_EXERCISE_
This exercise calls for all the entries that follow to be set down exactly, without their images.

_GIVEN DATA_
:::

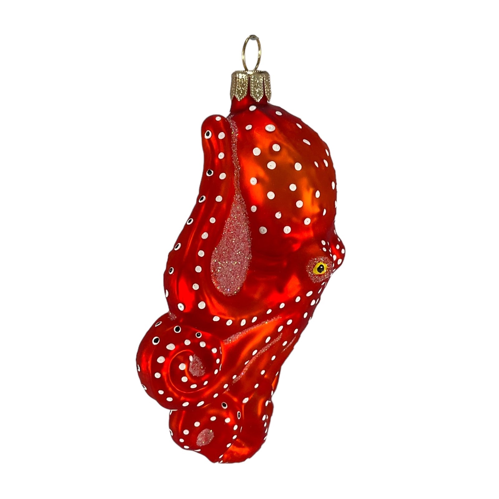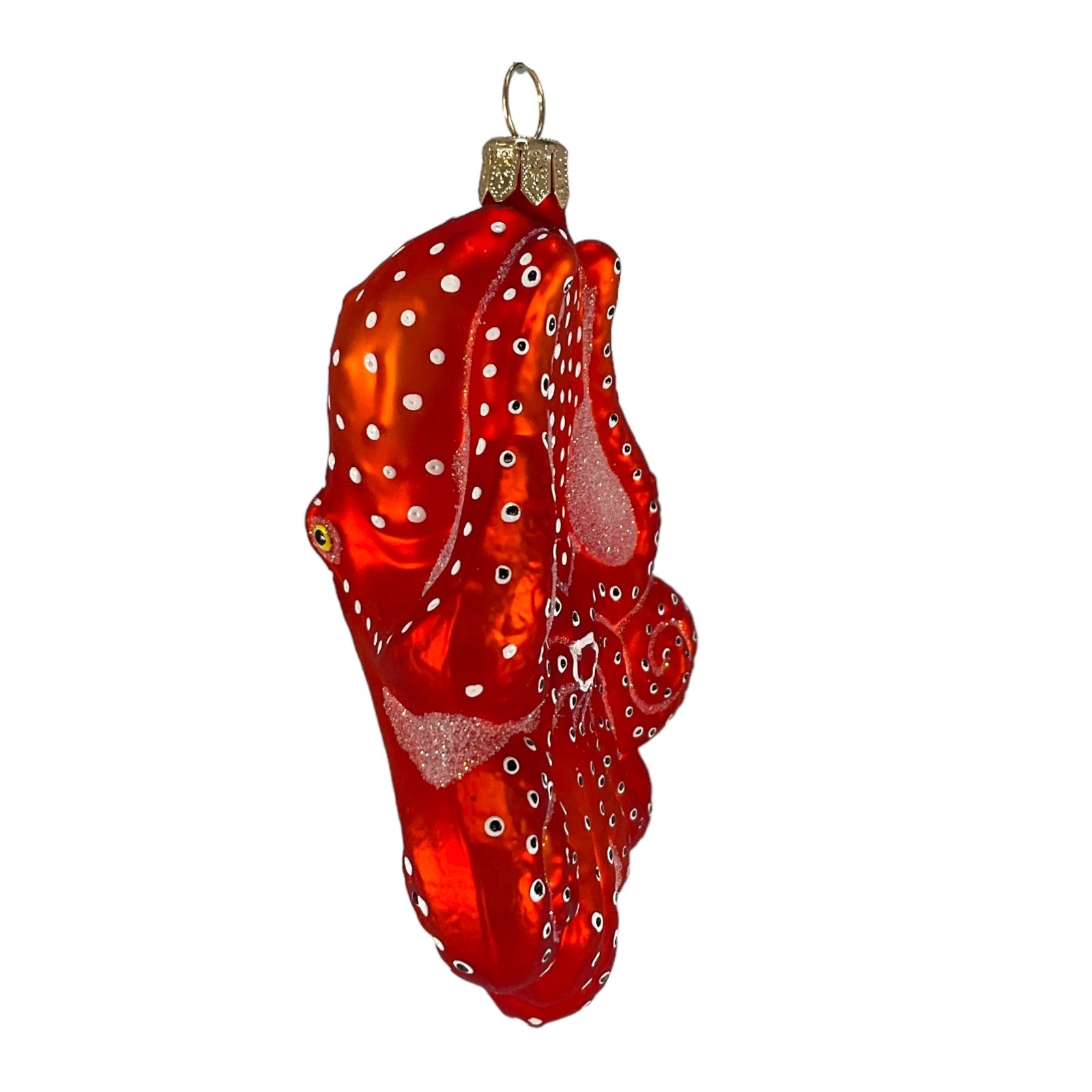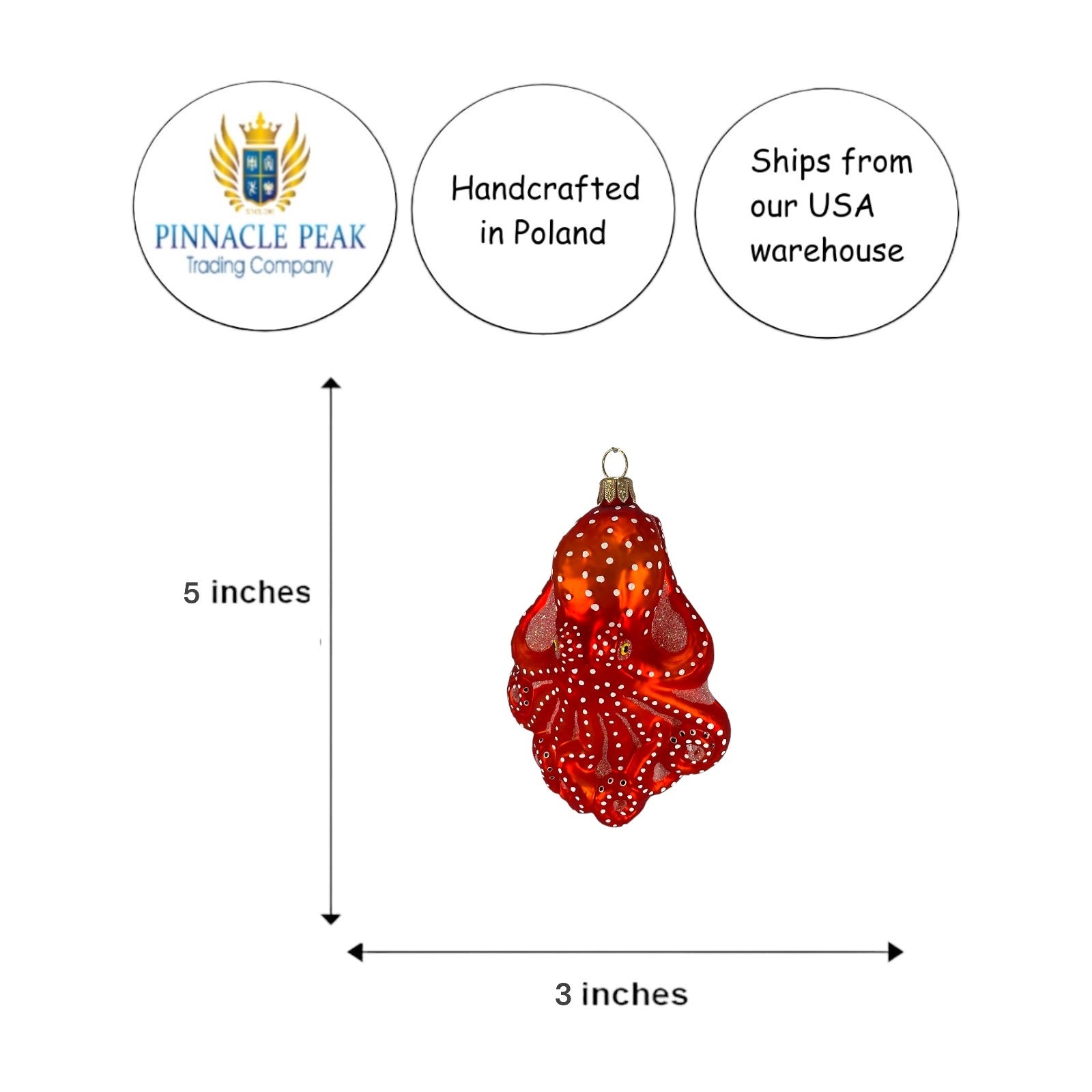 Red Octopus Ornament. Handcrafted in Poland. Hand-painted by Polish artisans. Made from mouth blown glass. Approximately 4.25 inches tall (11 cm). Approximately 3 inches long (8 cm). Approximately 1.25 inches wide (3 cm). Comes packaged in a gift box. Imported by Pinnacle Peak Trading Company. This ornament is a great way to showcase your love for sea creatures and add some personality to your Christmas tree. The octopus design is sure to delight both children and adults alike.
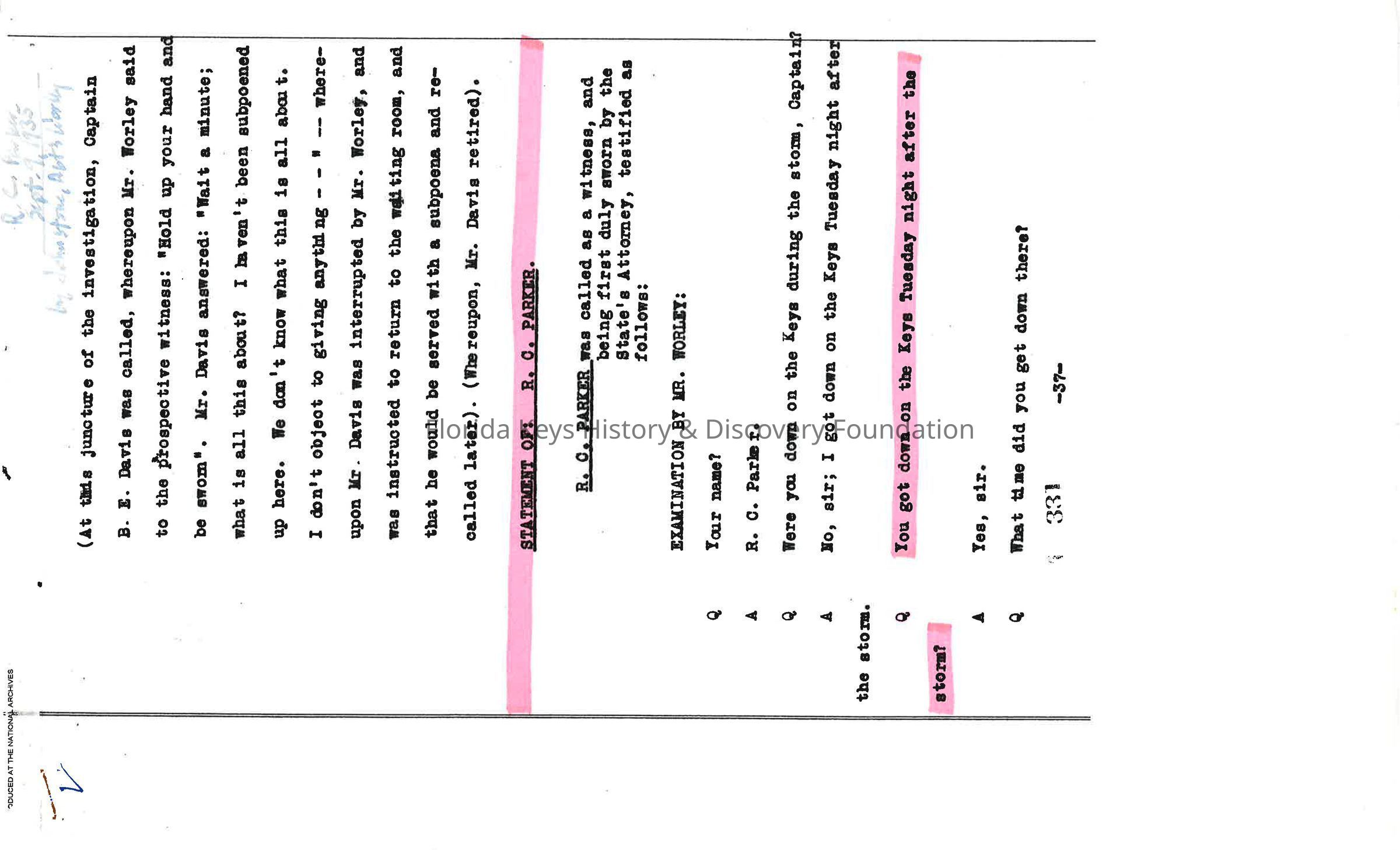 Sept. 9, 1935, Statement of R. C. Parker, examination by Mr. Worley. "R. C. Parker was called as a witness, and being first duly sworn by the State's Attorney, testified as follows..."Creator
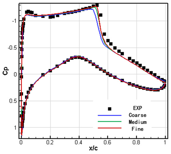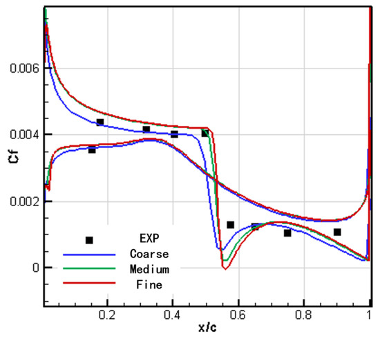 Figure 6 shows a comparison between the pressure distribution of the RAE2822 airfoil numerical calculation and the wind tunnel test results. The calculation results using medium and fine grids are in good agreement with the test results and could accurately calculate the position and intensity of the shock wave. However, the shock wave position calculated using coarse grids is higher and the shock wave intensity is weaker. Figure 7 shows the comparison between the calculated friction distribution of the RAE2822 airfoil and the experimental results. The friction distribution of the three grid calculations is in good agreement with the experimental data, but there is a certain deviation at the shock wave. Table 5 presents a comparison between the numerical calculation and the wind tunnel test results. The lift and drag coefficients calculated using medium and fine grids have high simulation accuracy.
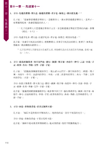 章 1. 子曰、先進於禮樂、野人也、後進於禮樂、君子也、如用之、則吾從先進。 (一)
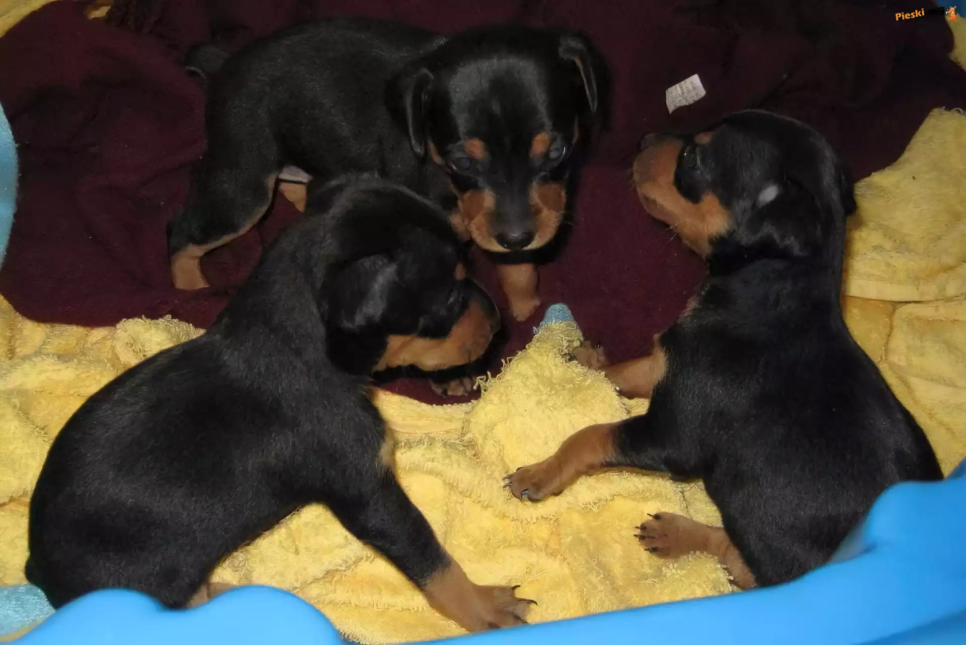 Pinczer miniaturowy, szczeniaki, trzy, czarne

:::

_OUTPUT BELOW_
 Red Octopus Ornament. Handcrafted in Poland. Hand-painted by Polish artisans. Made from mouth blown glass. Approximately 4.25 inches tall (11 cm). Approximately 3 inches long (8 cm). Approximately 1.25 inches wide (3 cm). Comes packaged in a gift box. Imported by Pinnacle Peak Trading Company. This ornament is a great way to showcase your love for sea creatures and add some personality to your Christmas tree. The octopus design is sure to delight both children and adults alike.
 Sept. 9, 1935, Statement of R. C. Parker, examination by Mr. Worley. "R. C. Parker was called as a witness, and being first duly sworn by the State's Attorney, testified as follows..."Creator
 Figure 6 shows a comparison between the pressure distribution of the RAE2822 airfoil numerical calculation and the wind tunnel test results. The calculation results using medium and fine grids are in good agreement with the test results and could accurately calculate the position and intensity of the shock wave. However, the shock wave position calculated using coarse grids is higher and the shock wave intensity is weaker. Figure 7 shows the comparison between the calculated friction distribution of the RAE2822 airfoil and the experimental results. The friction distribution of the three grid calculations is in good agreement with the experimental data, but there is a certain deviation at the shock wave. Table 5 presents a comparison between the numerical calculation and the wind tunnel test results. The lift and drag coefficients calculated using medium and fine grids have high simulation accuracy.
 章 1. 子曰、先進於禮樂、野人也、後進於禮樂、君子也、如用之、則吾從先進。 (一)
 Pinczer miniaturowy, szczeniaki, trzy, czarne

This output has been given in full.